A manchete pode deixar a taxa básica de juros inalterada. O que importa é a votação abaixo dela.
Três cenários possíveis definem o rumo da decisão de 30 de julho:
Postura cautelosa do Banco da Inglaterra com dados resilientes do euro: rompimento da barreira de 0,8600.
Banco da Inglaterra com postura agressiva e dados fracos sobre o euro: um novo teste de 0,8500.
Não houve mudança clara na política: o intervalo se mantém entre 0,8500 e 0,8600.
A mínima de 0,84873 é o principal ponto de pivô de baixa; uma quebra abaixo dela sinalizaria que o prêmio da taxa de juros da libra esterlina se reafirmou.

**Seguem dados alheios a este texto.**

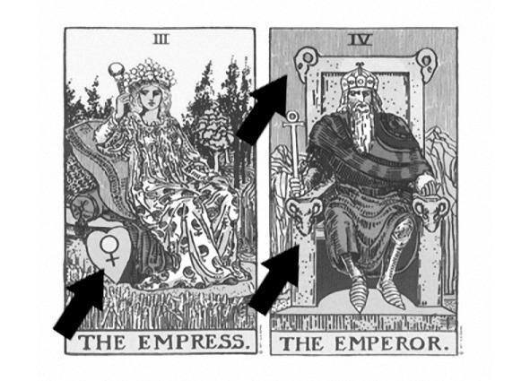 Посмотрите на щит Императрицы. Символ Венеры на нем — самое прямое указание на астрологические свойства карты. Посмотрите на трон Императора — он украшен головами баранов, поскольку Императору соответствует Овен. Самая популярная в мире колода, по сути, результат стремления намекнуть на эти связи, рассказать о том, что тогда было частью охраняемой тайны. И можно ли рассчитывать на глубокое понимание карт, если при их изучении будет игнорироваться то, что вкладывал в них автор? А это астрология и каббала, как минимум?
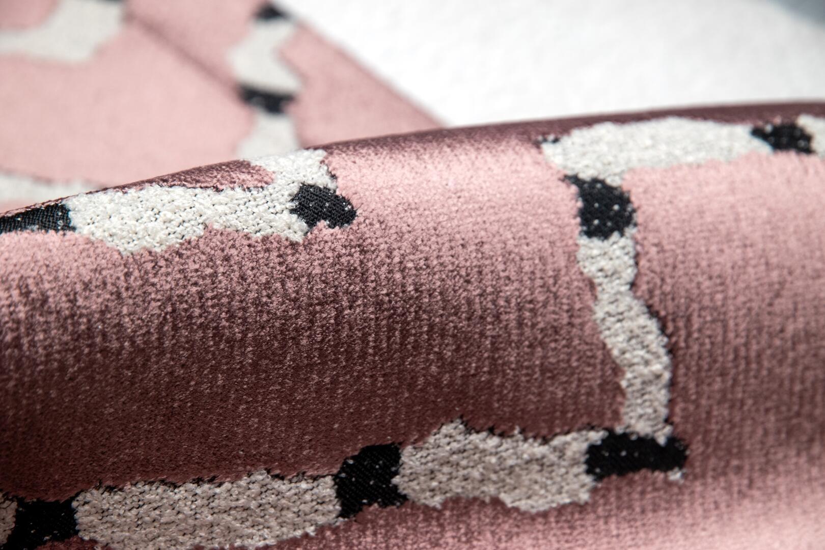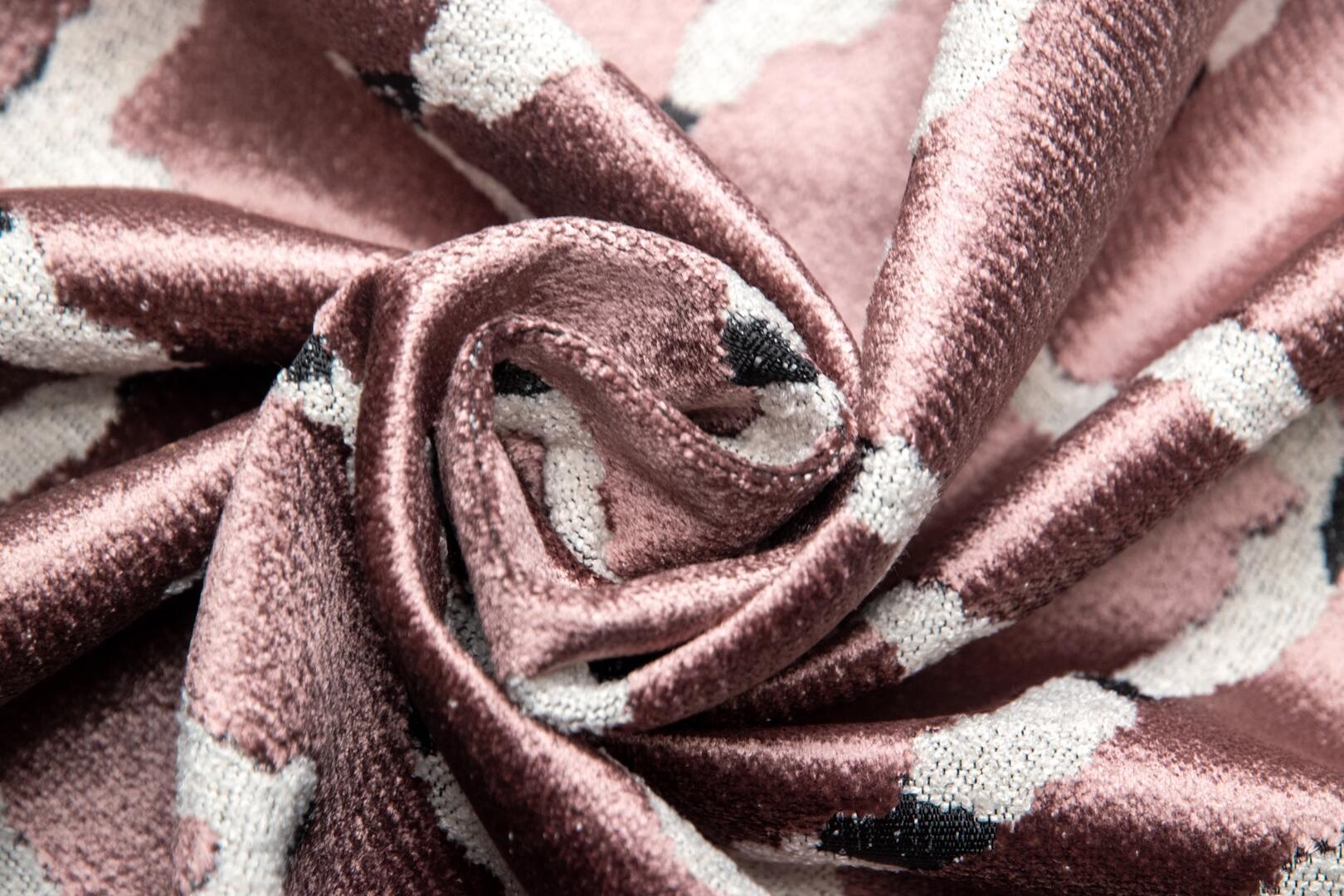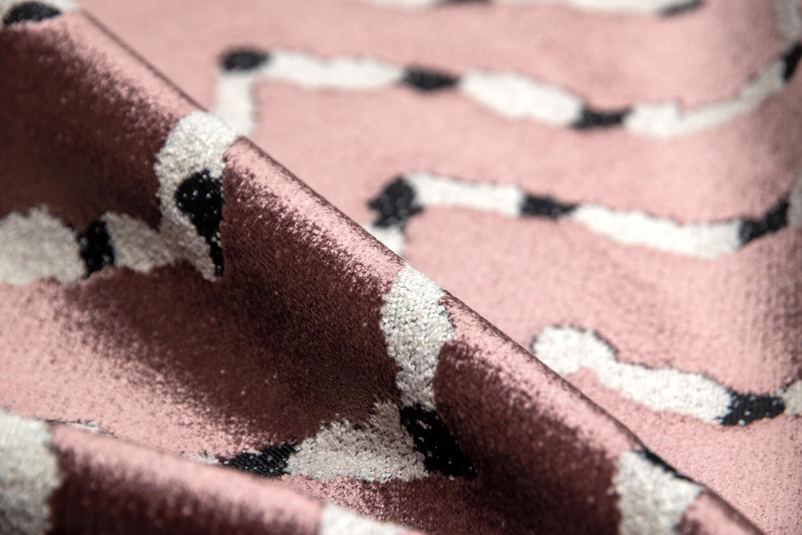 Een verfijnde roze ondergrond met een lichte poederachtige uitstraling. Het contrasterende lijnenspel springt subtiel naar voren en geeft het gordijn een speels maar gebalanceerd karakter. Deze variant voegt warmte toe zonder overheersend te zijn.

No lado positivo, 0,8600 é um número redondo e também a origem da queda de julho, portanto, um fechamento sustentado acima dele marcaria o movimento como algo mais do que uma simples recuperação corretiva.
Independentemente do resultado do dia 30 de julho, mapear com antecedência os pontos de entrada e saída em torno de 0,8500 e 0,8600 mantém o risco definido. A calculadora de risco-retorno do EBC Financial Group pode definir esses níveis antes da decisão.
O par EUR/GBP recuperou-se porque o mercado deixou de pagar mais por uma vantagem da taxa de juro da libra esterlina que já tinha precificado. A inflação mais baixa reduziu as probabilidades de um novo aumento das taxas de juro por parte do Banco de Inglaterra, e o risco fiscal diminuiu o interesse em manter libras esterlinas apenas para fins de carry trade.
A recuperação não depende de uma economia forte na zona do euro, mas precisa de confirmação, e a divisão do Comitê de Política Monetária (MPC) em 30 de julho é o próximo teste. A menos que o campo mais conservador se amplie, a libra esterlina poderá ter dificuldades para transformar sua vantagem de 150 pontos-base em valorização frente ao euro.